[PROVIDED MATERIAL]
+ + +

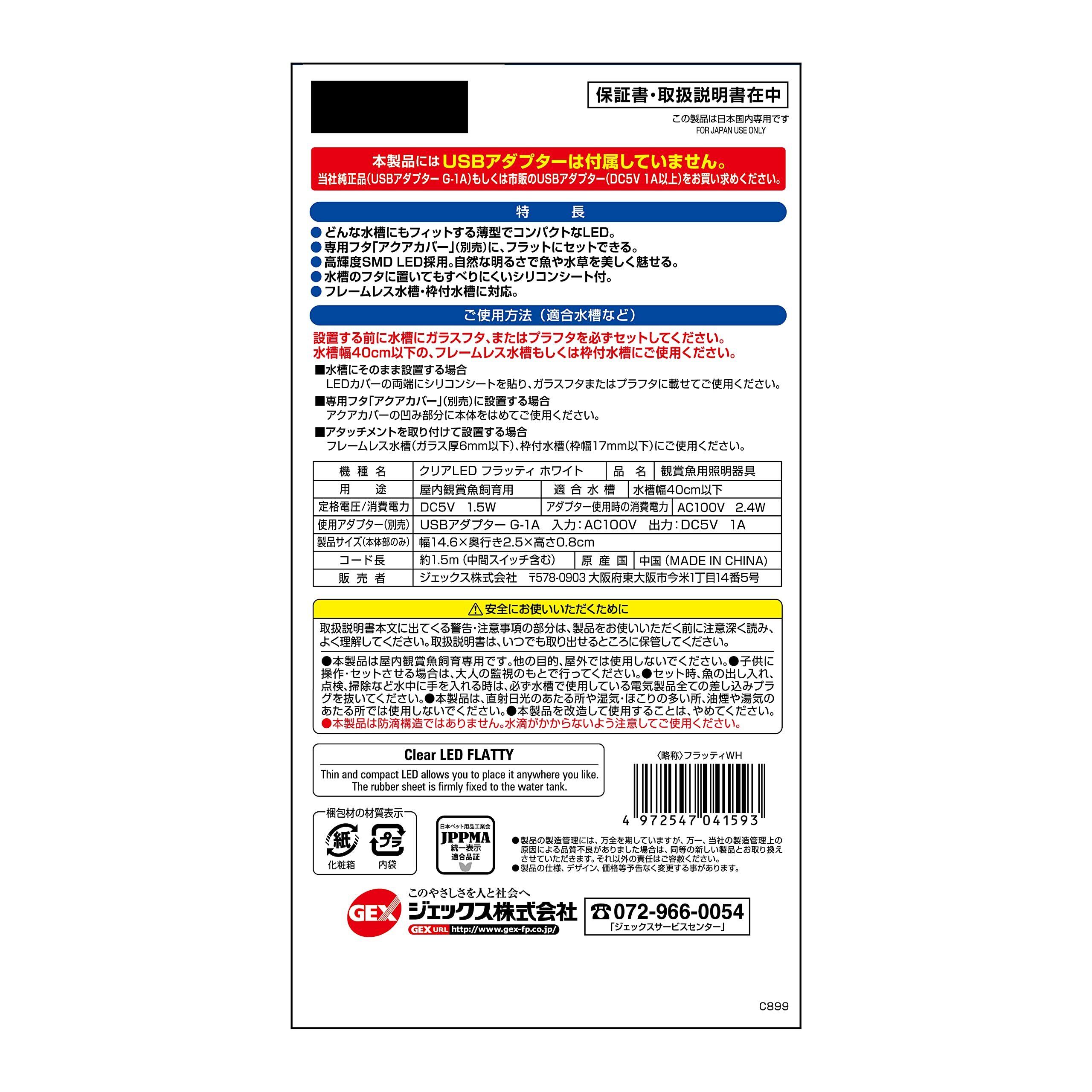 ジェックス GEX クリアLED フラッティ ホワイト スリム高輝度LED 40cm以下水槽
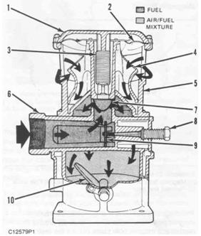 注:此處描述的是單氣閥化油器的操作。雙氣閥化油器的操作與單氣閥化油器操作相同。
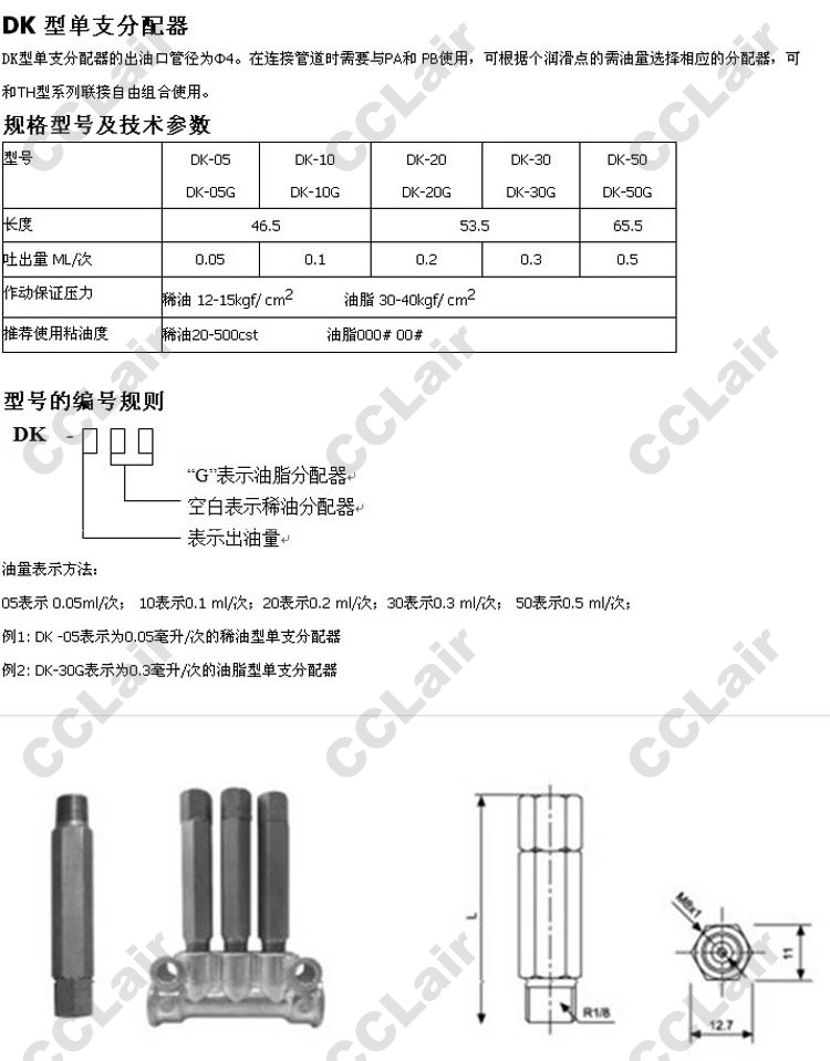 DK-05,DK-10,DK-20,DK-30,DK-50,DK-05G,DK-10G,DK-20G,DK-30G,DK-50,單支分配器
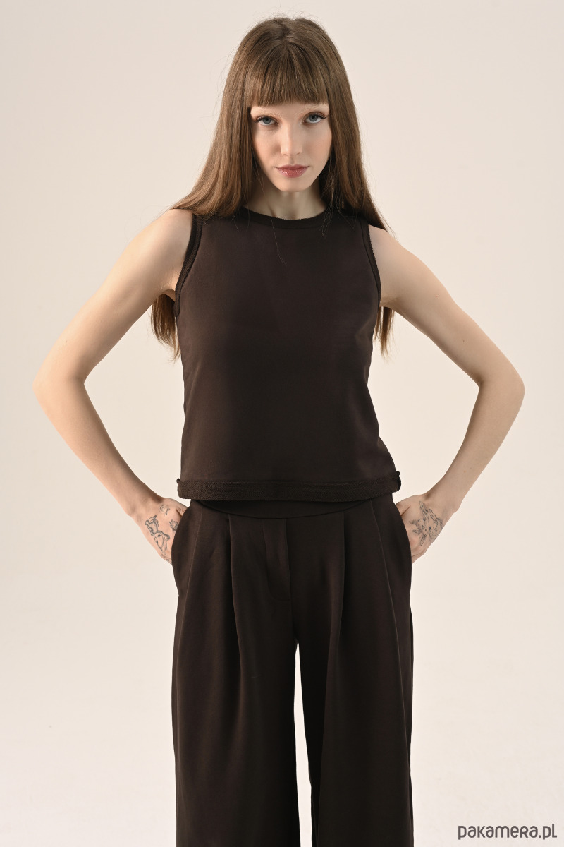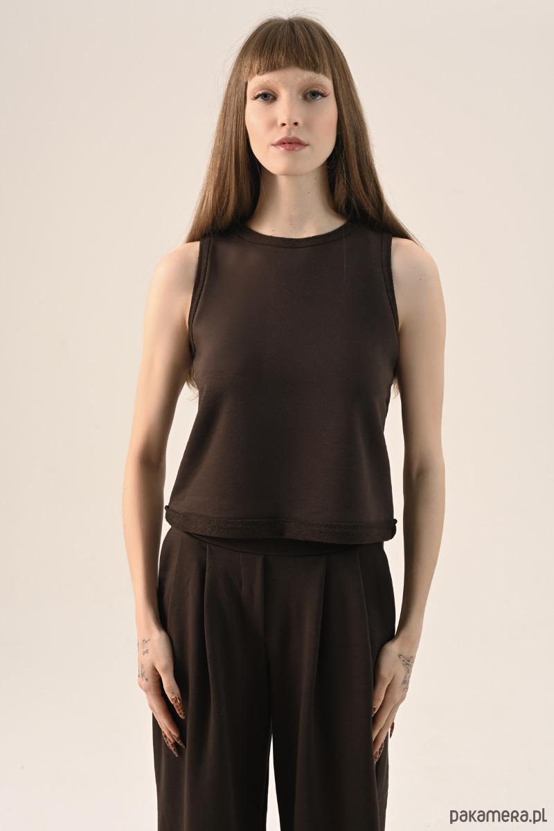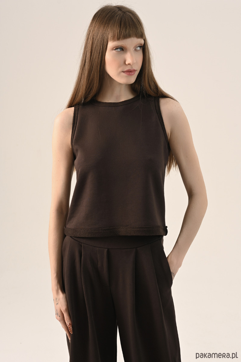 Brązowy top bez rękawów to propozycja dla osób, które cenią sobie wygodę.

+ + +

[YOUR INSTRUCTIONS]
Output the listing exactly, pictures excluded.

[SOLUTION BELOW]
 ジェックス GEX クリアLED フラッティ ホワイト スリム高輝度LED 40cm以下水槽
 注:此處描述的是單氣閥化油器的操作。雙氣閥化油器的操作與單氣閥化油器操作相同。
 DK-05,DK-10,DK-20,DK-30,DK-50,DK-05G,DK-10G,DK-20G,DK-30G,DK-50,單支分配器
 Brązowy top bez rękawów to propozycja dla osób, które cenią sobie wygodę.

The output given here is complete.